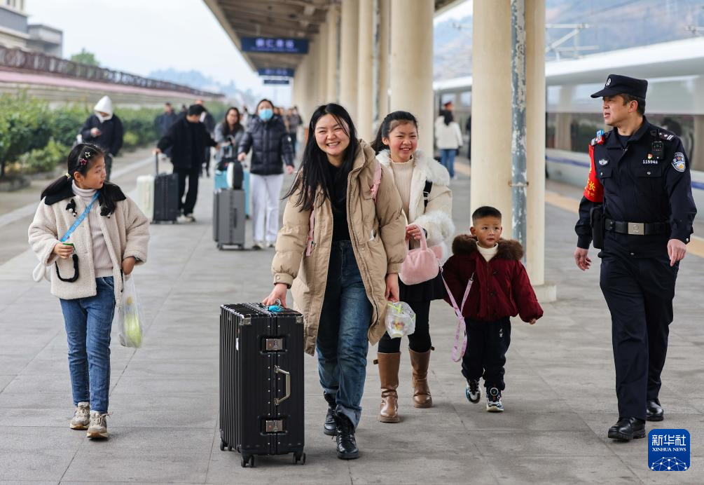 2月2日,旅客在沪昆高铁贵州铜仁南站转乘。新华社发(胡攀学摄)
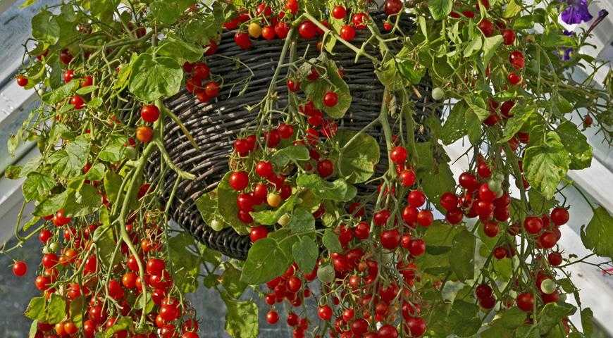 Контейнерные томаты, помидоры Hundreds and Thousands при выращивании в подвесном кашпо
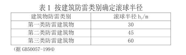 所谓“滚球法” (roll-ball method),就是选择一个半径为 h r (滚球半径)的球体,沿需要防护直击雷的部位滚动,如果球体只接触到避雷针(线)或避雷针(线)与地面,而不触及需要保护的部位,则该部位就在避雷针(线)的保护范围之内。滚球半径 h r 按建筑物的防雷类别而取不同值。

━━━

### REQUIREMENT
Return the full listing exactly as it appears above, without its pictures.

### RESULT FOR THIS EXERCISE
 2月2日,旅客在沪昆高铁贵州铜仁南站转乘。新华社发(胡攀学摄)
 Контейнерные томаты, помидоры Hundreds and Thousands при выращивании в подвесном кашпо
 所谓“滚球法” (roll-ball method),就是选择一个半径为 h r (滚球半径)的球体,沿需要防护直击雷的部位滚动,如果球体只接触到避雷针(线)或避雷针(线)与地面,而不触及需要保护的部位,则该部位就在避雷针(线)的保护范围之内。滚球半径 h r 按建筑物的防雷类别而取不同值。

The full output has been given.